Gold Price Forecast

  It‘s been previously discussed that October tends to be a bullish month for gold prices, typically as risk appetite wanes in other parts of financial markets. But this October, there’s much ado about nothing – so far. Gold prices traded up near 1760 on October 1, and since then, have spent every day trading right around 1760.

  Now that the US debt ceiling debate has been kicked down the road to December, and fears around China‘s property market are simmering – some days bring worse news than others, but nothing too significant yet – there aren’t many viable catalysts for a significant gold price rally on the horizon. And with the fact remaining that the FOMC continues to offer clear signals that tapering is arriving soon, gold prices still have considerable fundamental headwinds working against them.

  Historically, gold prices have a relationship with volatility unlike other asset classes.
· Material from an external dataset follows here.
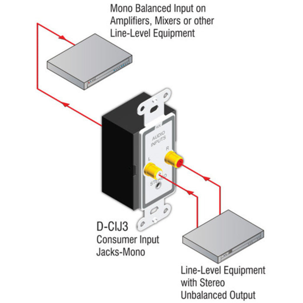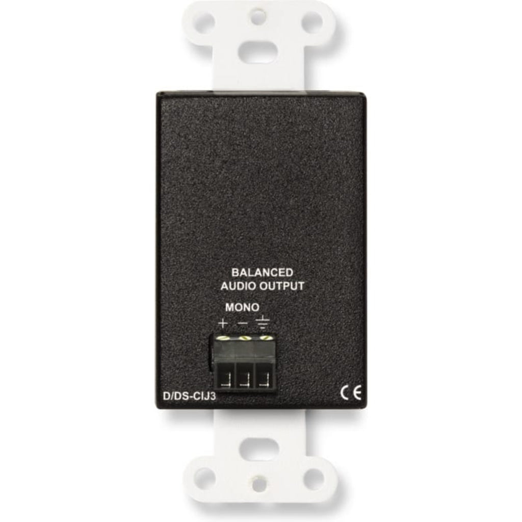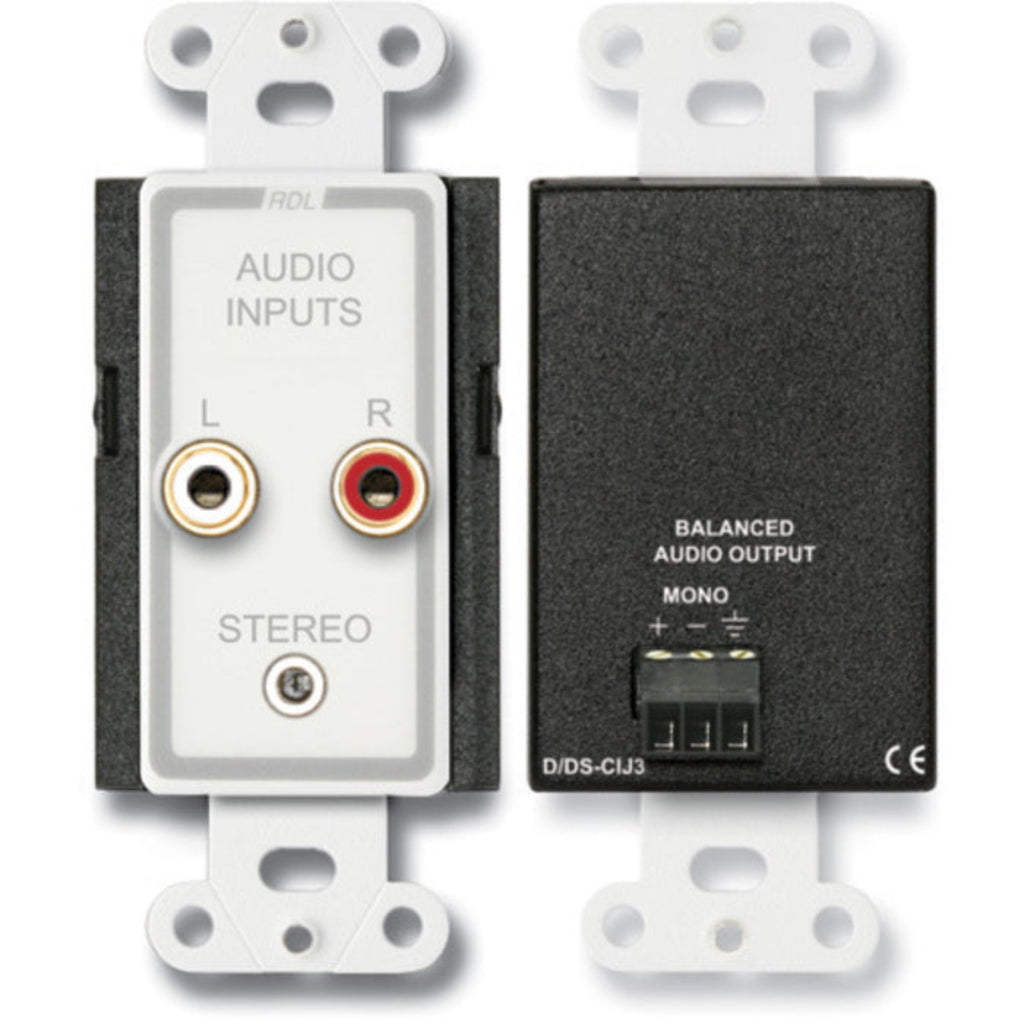 The D-CIJ3/DS-CIJ3 is a complete unbalanced line-level audio input module. The front panel features two gold plated phono jacks and a single stereo mini-jack, intended for mono or stereo consumer level sources. An input signal may be connected to either the phono jacks or to the mini-jack. The left and right signal inputs are combined and balanced through audio transformers configured to reject induced hum. A mono line-level output is provided on the rear-panel detachable terminal block for connection to a 10 kΩ or higher input impedance line-level module or equipment input.

While other asset classes like bonds and stocks don‘t like increased volatility – signaling greater uncertainty around cash flows, dividends, coupon payments, etc. – gold tends to benefit during periods of higher volatility. Recent signs of falling gold volatility aren’t a good omen for gold prices.


  Gold volatility (as measured by the Cboes gold volatility ETF, GVZ, which tracks the 1-month implied volatility of gold as derived from the GLD option chain) was trading at 16.52. The relationship between gold prices and gold volatility is normalizing, insofar as the 5-day correlation is becoming less positive this week while the 20-day correlation remains in negative territory. The 5-day correlation between GVZ and gold prices is +0.42 while the 20-day correlation is -0.46. One week ago, on October 5, the 5-day correlation was -0.70 and the 20-day correlation was -0.84.

  Gold prices‘ technical structure on the weekly timeframe remains weak in spite of the recent rebound on lower timeframes. The weekly 4-, 13-, and 26-EMA envelope’s negative slope remains in place, while weekly MACD continues to drop further below its signal line. Weekly Slow Stochastics are holding at the median line, however. For now, the outlook persists that “selling the rally may be the modus operandi henceforth.”